→ What you should do:
Please write out every record exactly, but keep any images out of it.

[Records from a collection]
----------------------------------------
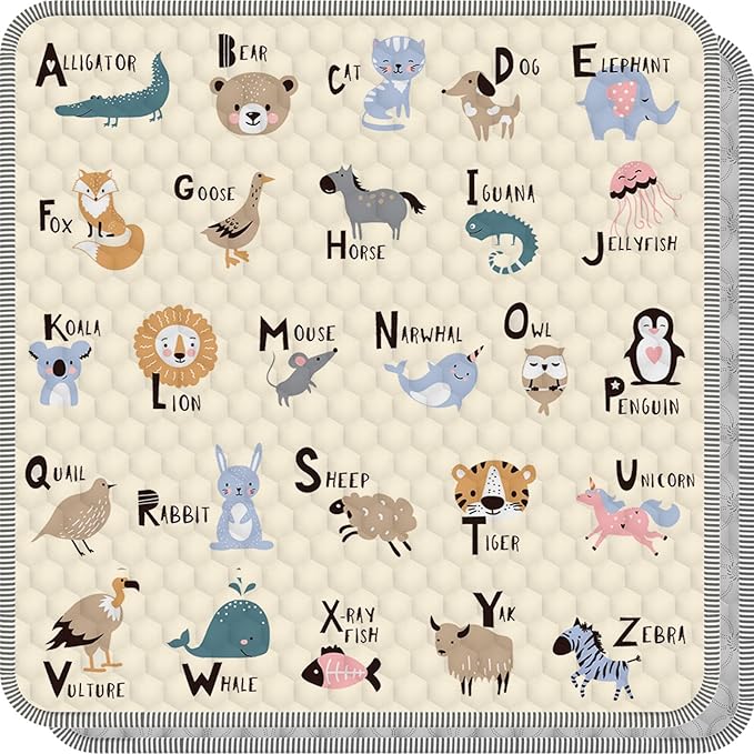 - Educational & Engaging Patterns – Featuring bright and colorful alphabet and animal designs, this mat stimulates your baby's curiosity and promotes early learning. The fun patterns help your baby recognize letters and animals while encouraging sensory development and imaginative play.
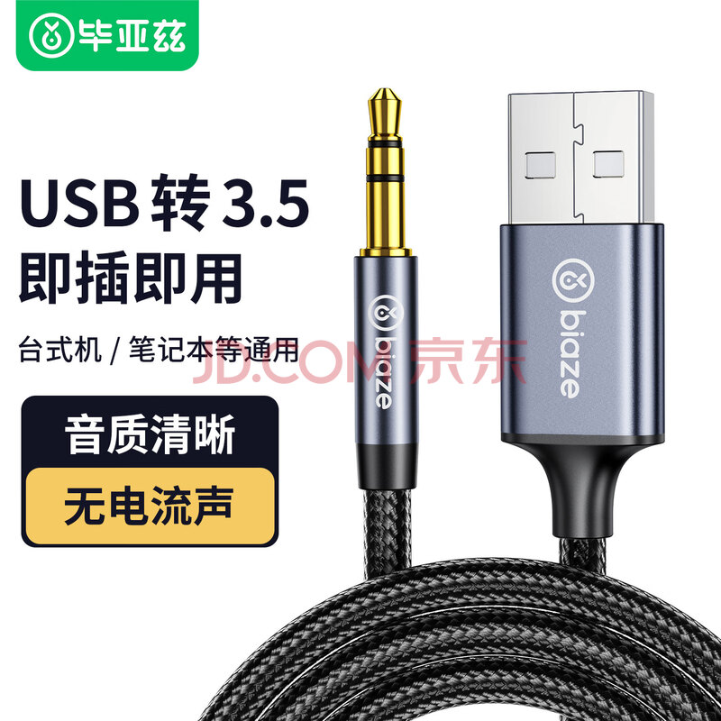 毕亚兹 usb转3.5mm音频线接口 1米3节圆孔台式电脑笔记本耳机音响声音转换器对接外置音频转接
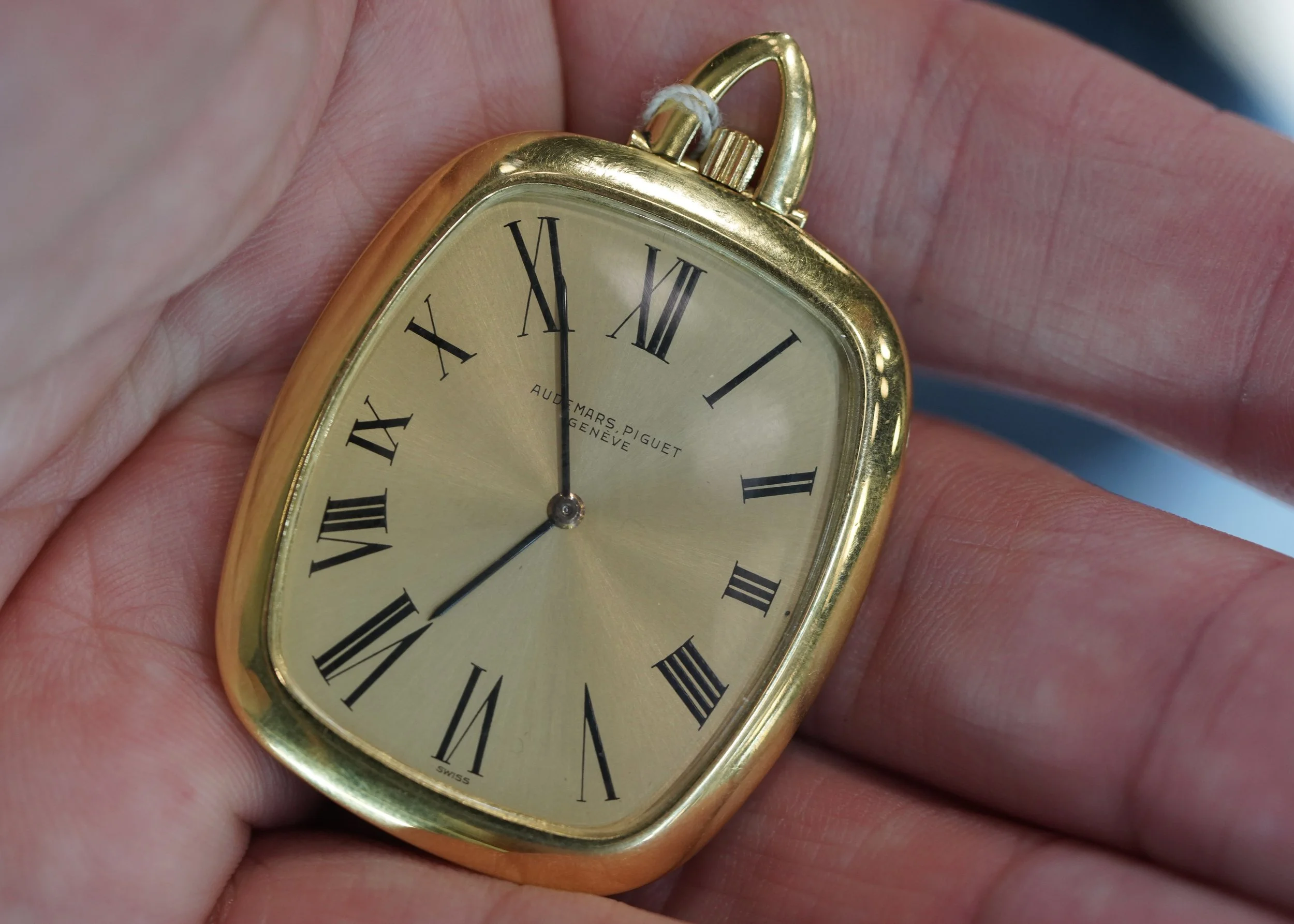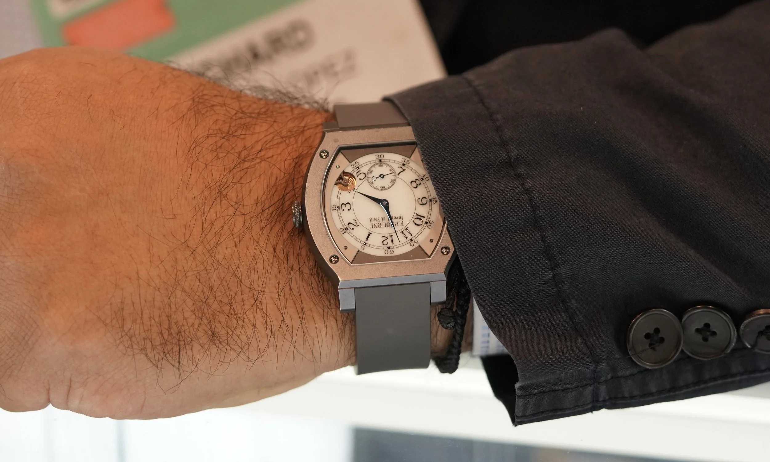Casually walking through the aisles was an Italian dealer, Fabrizio Caso (@casowatches), wearing khaki shorts and a long sleeve shirt which concealed timepieces on both wrists. Throughout the day, he would frequently change the watches he was wearing (a trend I might copy at the next watch fair). Each time we would cross paths, I stopped Caso demanding to know what his latest timepiece was. A standout was the mammoth-sized Piaget with stepped case and a fascinating bracelet. “I just picked this up” he replied as he rolled up his sleeve for a photo.
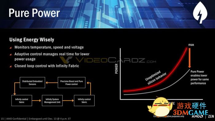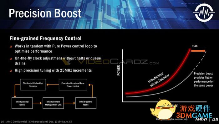 Zen处理器支持Turbo加速技术没什么意外的,不过现在的频率加速技术更强大,属于细粒度频率控制技术,AMD称之为Precsion Boost加速,配合下面的Puere Power可以优化性能,精确控制到每25MHz精度控制频率。
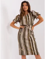 Khaki šaty s potiskem a krátkými rukávy .
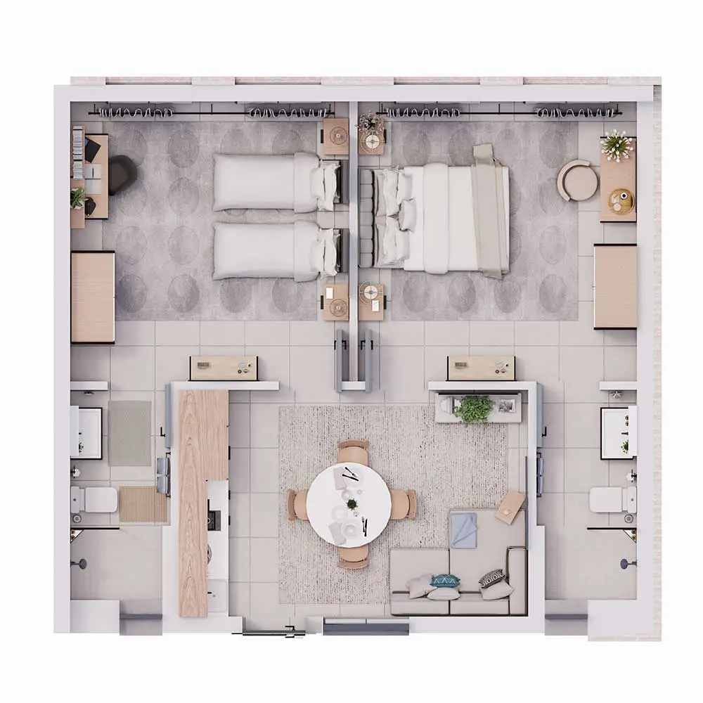 The two well-sized bedrooms provide privacy and comfort, while the central living area forms the heart of the apartment, ideal for relaxing, entertaining, or working from home. The layout balances openness with defined spaces, making it perfectly suited to young professionals who value both style and functionality.
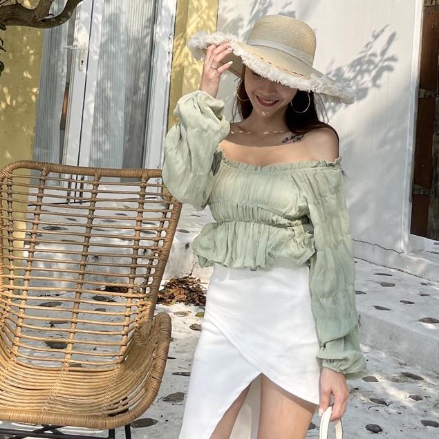 【DOE.FF】露肩縮腰上衣 (現貨・福利品) 一字領 露肩上衣 一字領上衣 辣妹風 辣妹上衣 女裝 小香風 短版上衣
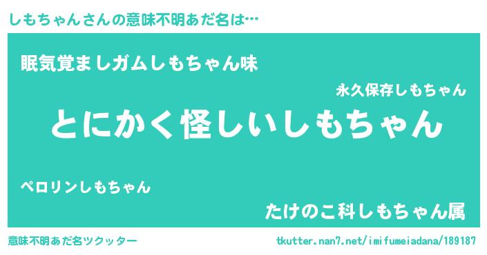 | ヒーロー風カッコイイあだ名 | 『炎刃騎士シモ』『愛の使者しもちゃん』 |
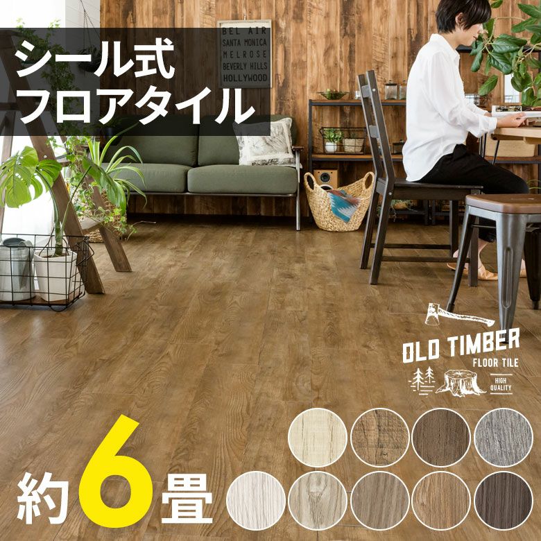 ペタッと貼るだけ、ヴィンテージテイストのフロアタイル。 木目調フロアタイル 接着剤付き 床材 貼るだけフローリングタイル12枚セット[接着タイプ オールドティンバー全9色] diy ウッドカーペット シート シール タイル フロアマット フロアタイル フロアーマット フローリング マット 床 接着剤不要
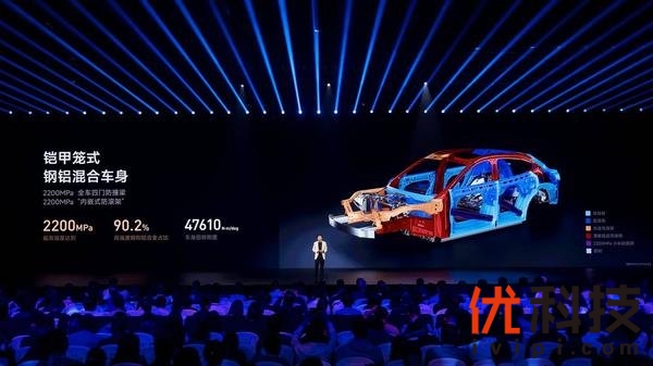 整车安全方面,YU7搭载了全新升级的铠甲笼式钢铝混合车身,全球首发「2200MPa小米超强钢」并应用于全车四门防撞梁,同时在A柱、B柱使用了6根热气胀管,与车身结构配合形成内嵌式防滚架。YU7还带来全球最严苛的电池安全标准、远超新国标,以及50项+被动安全性能开发测试、全系标配20项主动安全配置。
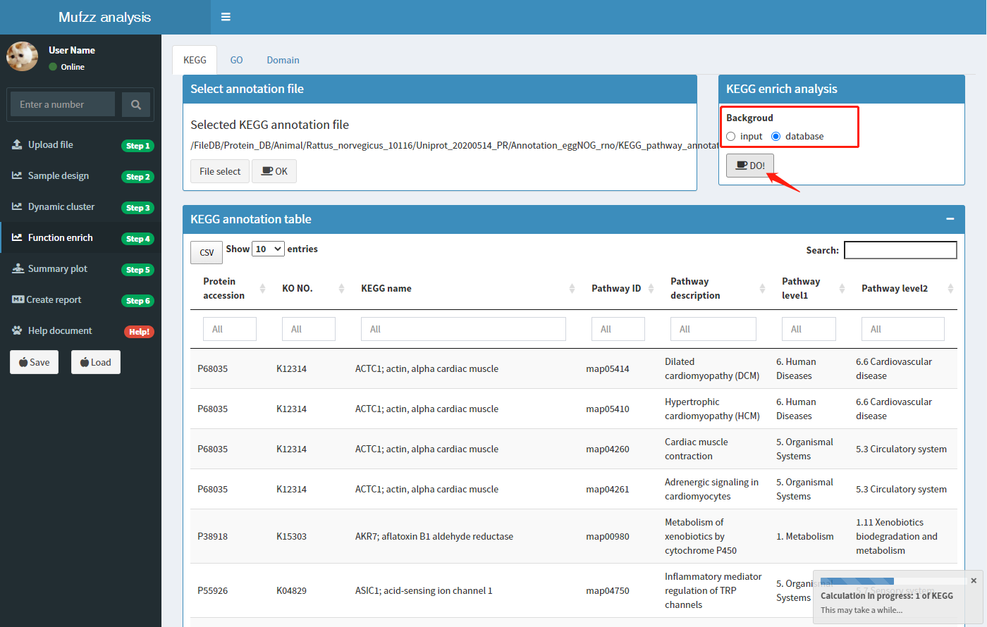 富集分析背景:对聚类分析得到每个cluser中的蛋白进行功能富集分析,探究特定cluster中蛋白相比‘背景’蛋白来说功能偏向性。这里的背景可以是输入文件SD过滤后的所有蛋白(input),也可以选择物种所有的蛋白(database)。默认参数为'input'。确定参数后,点击'DO!'按钮开始分析。分析过程中浏览器右下方会显示分析进度条。
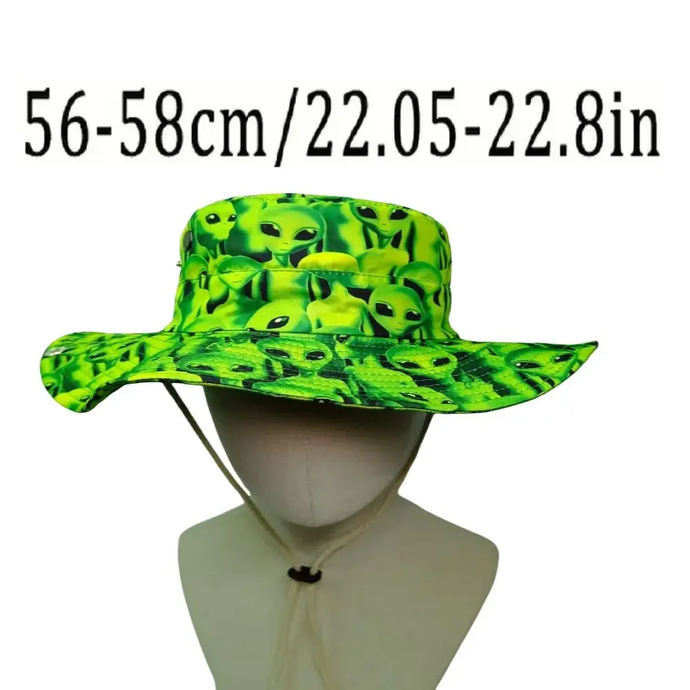 Novelty Alien Pattern Printed Sunshade Hat - Lightweight Foldable Men's and Women's Fishing Hat with Adjustable Drawstring Closu
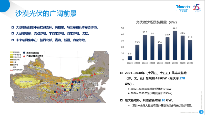 可以預(yù)見(jiàn)的是,在不斷出臺(tái)的利好政策,持穩(wěn)增長(zhǎng)的市場(chǎng)需求以及加速發(fā)展的綠色變革的引領(lǐng)下,光伏大基地項(xiàng)目逐漸成為各省“十四五”規(guī)劃的主流模式之一,大基地項(xiàng)目的發(fā)展帶來(lái)了更多的應(yīng)用場(chǎng)景與發(fā)展模式。作為大基地多場(chǎng)景解決方案領(lǐng)軍者,天合光能因地制宜,致力于在光伏系統(tǒng)解決方案發(fā)展進(jìn)步的篇章中提供更優(yōu)質(zhì)的服務(wù)。
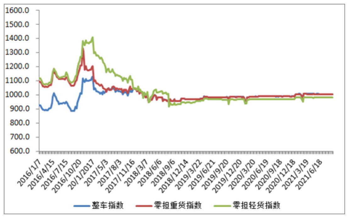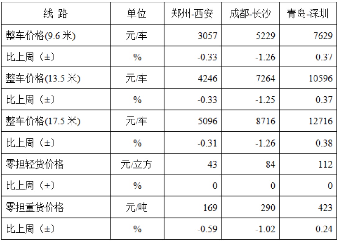 分车型看,各车型指数环比涨跌互现。其中,整车指数为1005.39点,比上周回落0.04%;零担轻货指数为981.27点,比上周回升0.02%;零担重货指数为1005.31点,比上周回落0.02%。
----------------------------------------
→ Result:
 - Educational & Engaging Patterns – Featuring bright and colorful alphabet and animal designs, this mat stimulates your baby's curiosity and promotes early learning. The fun patterns help your baby recognize letters and animals while encouraging sensory development and imaginative play.
 毕亚兹 usb转3.5mm音频线接口 1米3节圆孔台式电脑笔记本耳机音响声音转换器对接外置音频转接
Casually walking through the aisles was an Italian dealer, Fabrizio Caso (@casowatches), wearing khaki shorts and a long sleeve shirt which concealed timepieces on both wrists. Throughout the day, he would frequently change the watches he was wearing (a trend I might copy at the next watch fair). Each time we would cross paths, I stopped Caso demanding to know what his latest timepiece was. A standout was the mammoth-sized Piaget with stepped case and a fascinating bracelet. “I just picked this up” he replied as he rolled up his sleeve for a photo.
 Zen处理器支持Turbo加速技术没什么意外的,不过现在的频率加速技术更强大,属于细粒度频率控制技术,AMD称之为Precsion Boost加速,配合下面的Puere Power可以优化性能,精确控制到每25MHz精度控制频率。
 Khaki šaty s potiskem a krátkými rukávy .
 The two well-sized bedrooms provide privacy and comfort, while the central living area forms the heart of the apartment, ideal for relaxing, entertaining, or working from home. The layout balances openness with defined spaces, making it perfectly suited to young professionals who value both style and functionality.
 【DOE.FF】露肩縮腰上衣 (現貨・福利品) 一字領 露肩上衣 一字領上衣 辣妹風 辣妹上衣 女裝 小香風 短版上衣
 | ヒーロー風カッコイイあだ名 | 『炎刃騎士シモ』『愛の使者しもちゃん』 |
 ペタッと貼るだけ、ヴィンテージテイストのフロアタイル。 木目調フロアタイル 接着剤付き 床材 貼るだけフローリングタイル12枚セット[接着タイプ オールドティンバー全9色] diy ウッドカーペット シート シール タイル フロアマット フロアタイル フロアーマット フローリング マット 床 接着剤不要
 整车安全方面,YU7搭载了全新升级的铠甲笼式钢铝混合车身,全球首发「2200MPa小米超强钢」并应用于全车四门防撞梁,同时在A柱、B柱使用了6根热气胀管,与车身结构配合形成内嵌式防滚架。YU7还带来全球最严苛的电池安全标准、远超新国标,以及50项+被动安全性能开发测试、全系标配20项主动安全配置。
 富集分析背景:对聚类分析得到每个cluser中的蛋白进行功能富集分析,探究特定cluster中蛋白相比‘背景’蛋白来说功能偏向性。这里的背景可以是输入文件SD过滤后的所有蛋白(input),也可以选择物种所有的蛋白(database)。默认参数为'input'。确定参数后,点击'DO!'按钮开始分析。分析过程中浏览器右下方会显示分析进度条。
 Novelty Alien Pattern Printed Sunshade Hat - Lightweight Foldable Men's and Women's Fishing Hat with Adjustable Drawstring Closu
 可以預(yù)見(jiàn)的是,在不斷出臺(tái)的利好政策,持穩(wěn)增長(zhǎng)的市場(chǎng)需求以及加速發(fā)展的綠色變革的引領(lǐng)下,光伏大基地項(xiàng)目逐漸成為各省“十四五”規(guī)劃的主流模式之一,大基地項(xiàng)目的發(fā)展帶來(lái)了更多的應(yīng)用場(chǎng)景與發(fā)展模式。作為大基地多場(chǎng)景解決方案領(lǐng)軍者,天合光能因地制宜,致力于在光伏系統(tǒng)解決方案發(fā)展進(jìn)步的篇章中提供更優(yōu)質(zhì)的服務(wù)。
 分车型看,各车型指数环比涨跌互现。其中,整车指数为1005.39点,比上周回落0.04%;零担轻货指数为981.27点,比上周回升0.02%;零担重货指数为1005.31点,比上周回落0.02%。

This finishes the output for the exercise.